7.17. A prime problem here is to achieve a practical application of the distinction between an expense in deriving income (which gives rise to a deduction) and consumption expenditure (which should not unless by some special concessional provision). Some expenses, such as for entertainment and travel discussed in Chapter 9, often involve elements of both. Drawing the distinction becomes very subtle when, for example, equipment is used which, in its luxuriousness, exceeds the commercial needs of business: as, for example, when an expensive car is employed where a more modest vehicle would serve just as well.
7.18. Very important areas of controversy arise over costs of travel to and from work and child-minding expenses. These are not now regarded as expenses of deriving income, though it is often argued that they should be.
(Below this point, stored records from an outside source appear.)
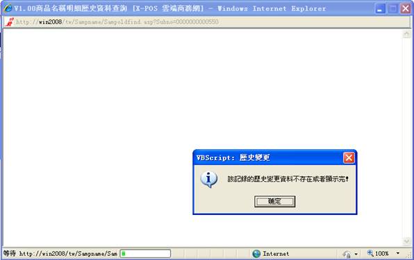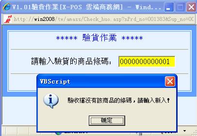 3-6 -2:輸入值不符合各條件,即庫中沒有這種商品時,將彈出提示,例如輸入000001,後按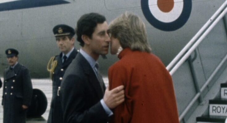 Dressed in a red coat, fawn skirt, and brown leather shoes, Diana walked beside the Prince through puddles at the airport after arriving in the Queen’s Rolls-Royce.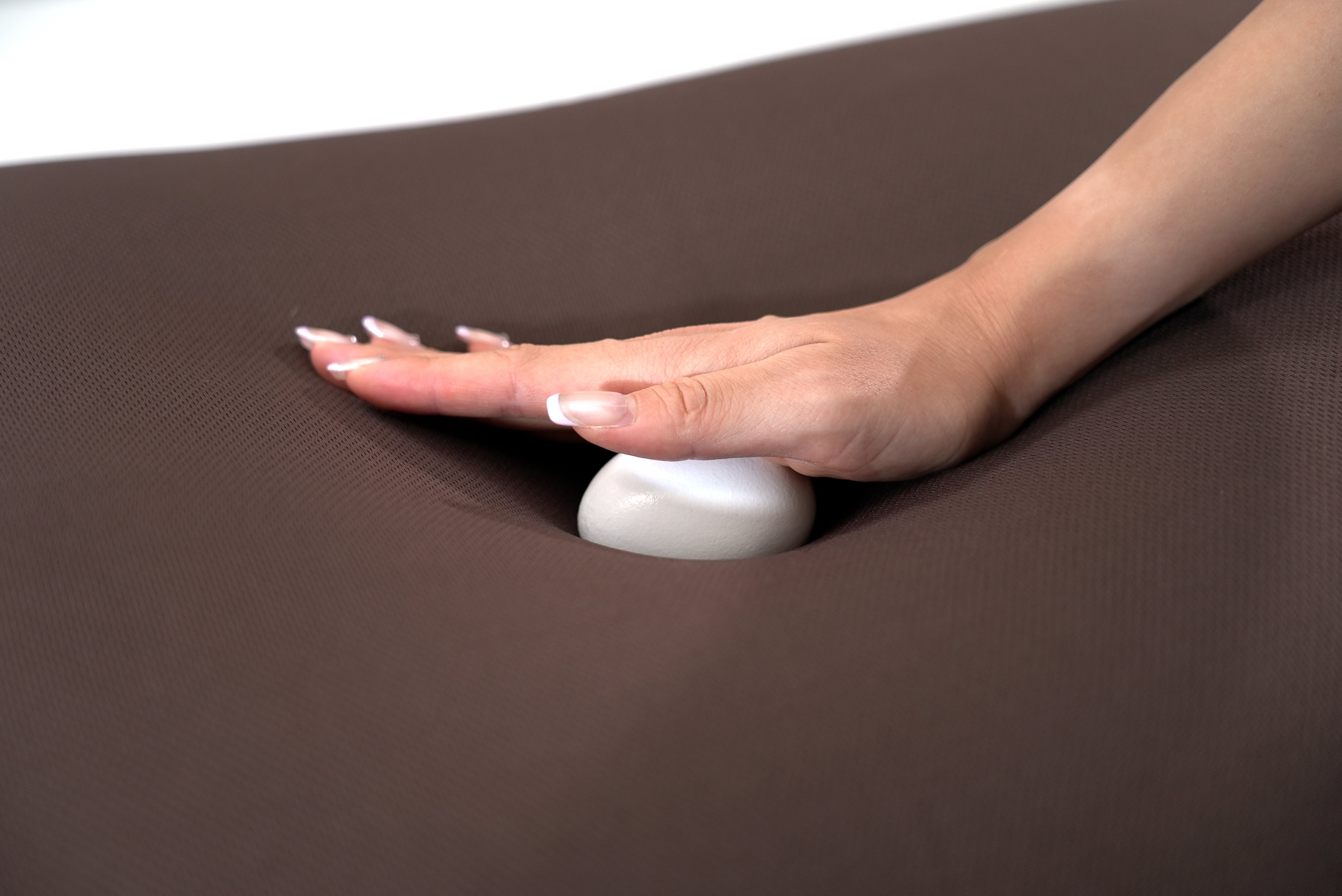 やわらかいのに高密度・高反発な「生ウレタン」とたっぷりの中わたを使うことで、究極の体圧分散を実現しました。生卵を押し当てても割れません。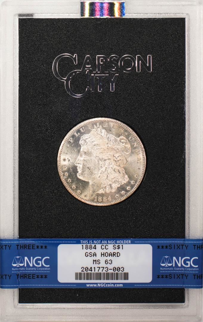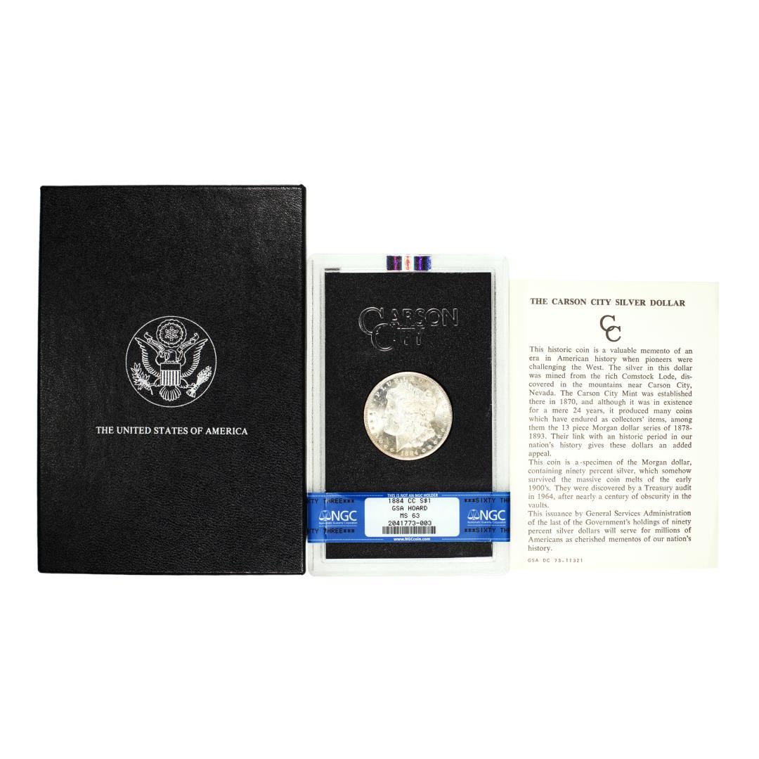 One 1884-CC $1 Morgan Silver Dollar Coin GSA Hoard Uncirculated NGC MS63 w/Box & COA. NGC Certified.

They are further examined in paragraphs 7.58–7.75. Extended to its logical conclusion, the argument leads to a notion of expense in deriving income that would include almost all personal expenditure, even that on food and clothing, in which event the income tax base would largely disappear.
7.19. Expenses in deriving income include the depreciation or amortisation of investment expenditure on assets that deteriorate through use. Issues that arise in relation to the deduction of this expenditure are considered in Chapter 8.
7.20. Certain expenses that would not usually be thought of as consumption expenditure or investment expenditure on non-deteriorating assets are denied deduction. Examples are the cost of moving business operations or of moving home to a new place of work: the cost does not relate wholly to current income, and there is no obvious asset to which depreciation might be applied. These expenses are considered in Chapters 8 and 9.